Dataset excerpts
= Beginning of Section =
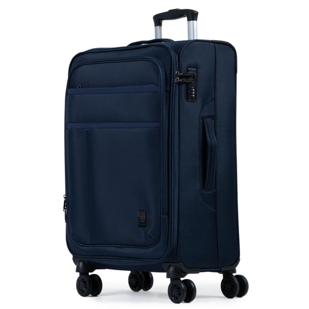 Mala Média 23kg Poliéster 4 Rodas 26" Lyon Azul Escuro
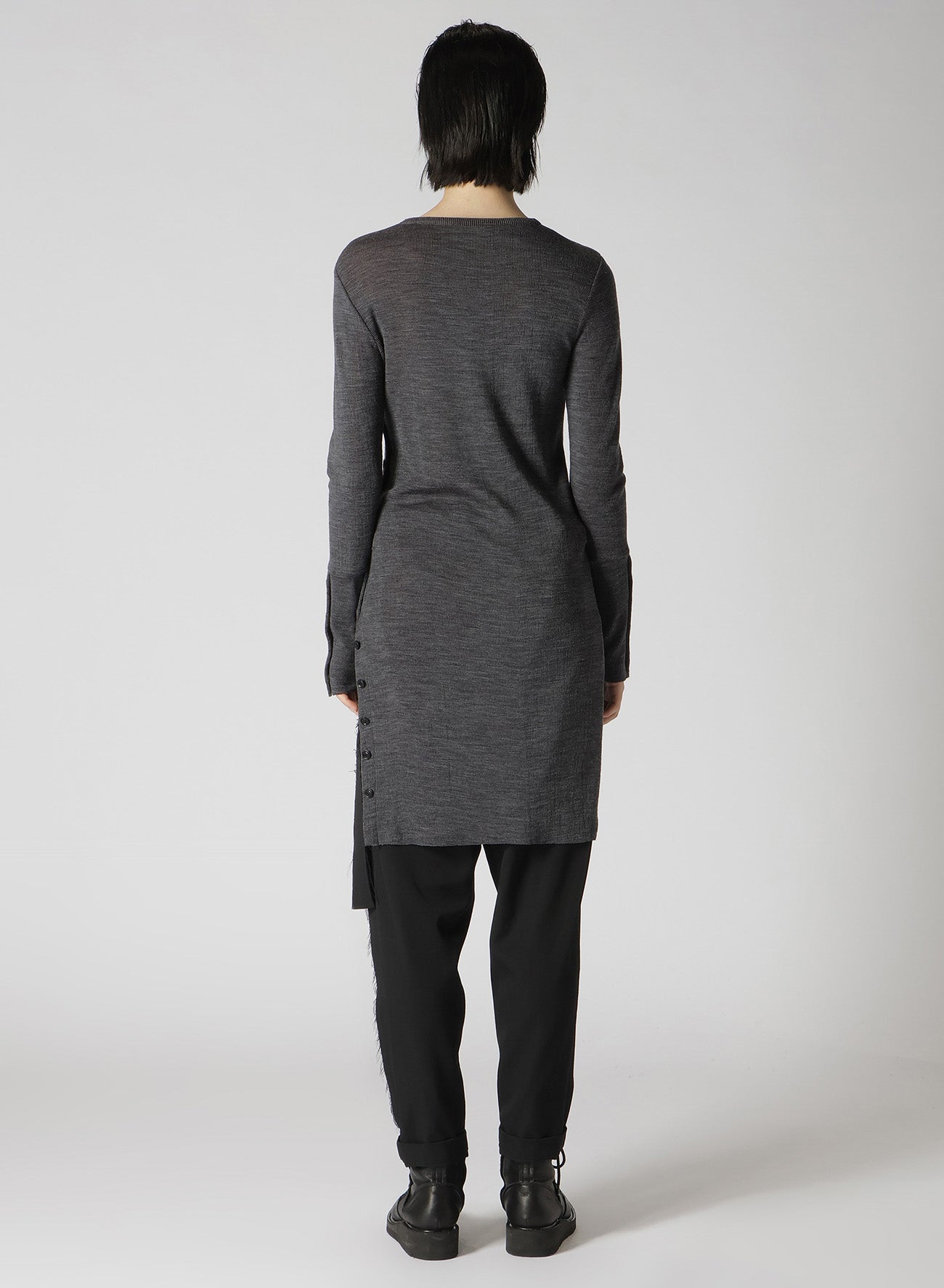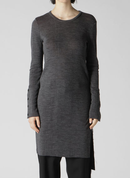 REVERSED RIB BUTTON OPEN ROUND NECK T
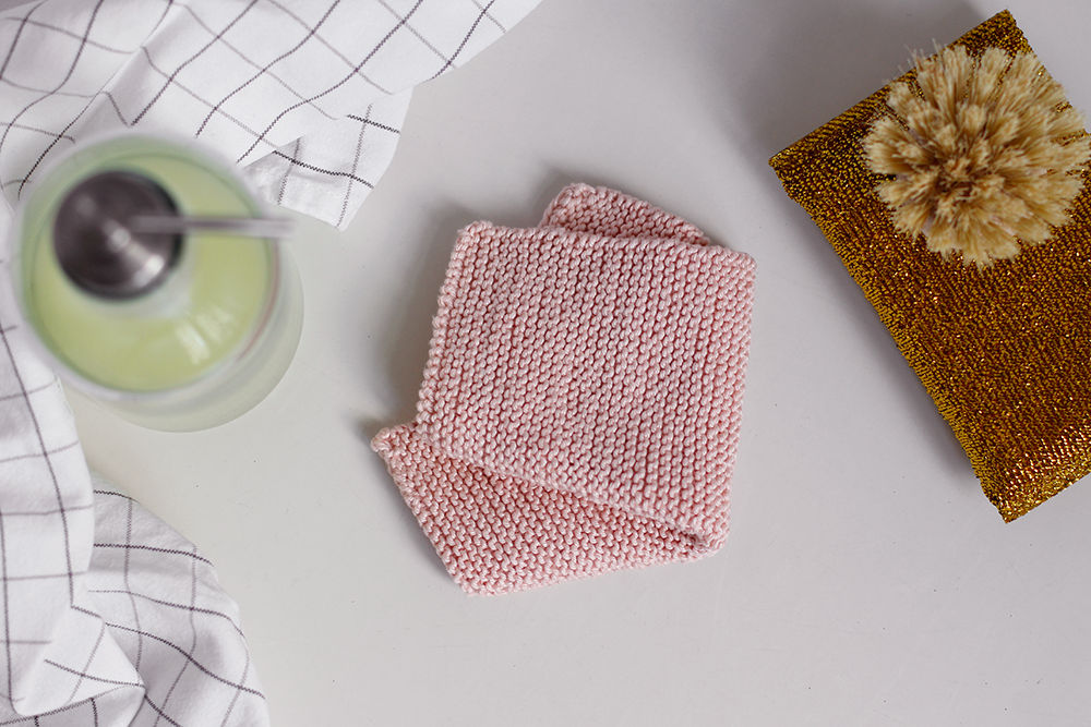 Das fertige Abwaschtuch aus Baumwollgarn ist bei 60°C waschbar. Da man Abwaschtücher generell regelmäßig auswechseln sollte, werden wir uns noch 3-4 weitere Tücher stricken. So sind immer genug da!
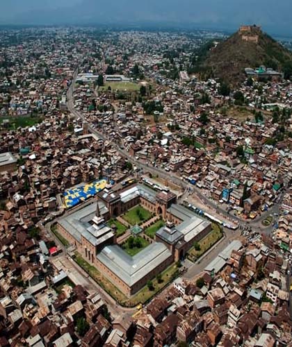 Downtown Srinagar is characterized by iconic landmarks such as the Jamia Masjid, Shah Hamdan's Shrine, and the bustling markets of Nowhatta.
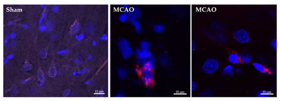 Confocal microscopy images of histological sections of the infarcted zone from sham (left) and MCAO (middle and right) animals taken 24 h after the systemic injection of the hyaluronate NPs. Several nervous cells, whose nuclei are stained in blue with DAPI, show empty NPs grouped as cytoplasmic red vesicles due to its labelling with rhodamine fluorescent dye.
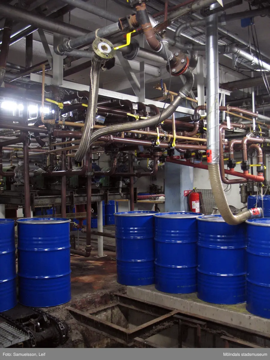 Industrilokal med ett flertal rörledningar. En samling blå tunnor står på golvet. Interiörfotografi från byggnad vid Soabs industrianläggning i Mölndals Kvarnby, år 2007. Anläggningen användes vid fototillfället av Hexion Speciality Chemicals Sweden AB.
= End of Section =
■ What you should do:
Exactly retype each record above, dropping images.

■ Finished task:
 Mala Média 23kg Poliéster 4 Rodas 26" Lyon Azul Escuro
 REVERSED RIB BUTTON OPEN ROUND NECK T
 Das fertige Abwaschtuch aus Baumwollgarn ist bei 60°C waschbar. Da man Abwaschtücher generell regelmäßig auswechseln sollte, werden wir uns noch 3-4 weitere Tücher stricken. So sind immer genug da!
 Downtown Srinagar is characterized by iconic landmarks such as the Jamia Masjid, Shah Hamdan's Shrine, and the bustling markets of Nowhatta.
 Confocal microscopy images of histological sections of the infarcted zone from sham (left) and MCAO (middle and right) animals taken 24 h after the systemic injection of the hyaluronate NPs. Several nervous cells, whose nuclei are stained in blue with DAPI, show empty NPs grouped as cytoplasmic red vesicles due to its labelling with rhodamine fluorescent dye.
 Industrilokal med ett flertal rörledningar. En samling blå tunnor står på golvet. Interiörfotografi från byggnad vid Soabs industrianläggning i Mölndals Kvarnby, år 2007. Anläggningen användes vid fototillfället av Hexion Speciality Chemicals Sweden AB.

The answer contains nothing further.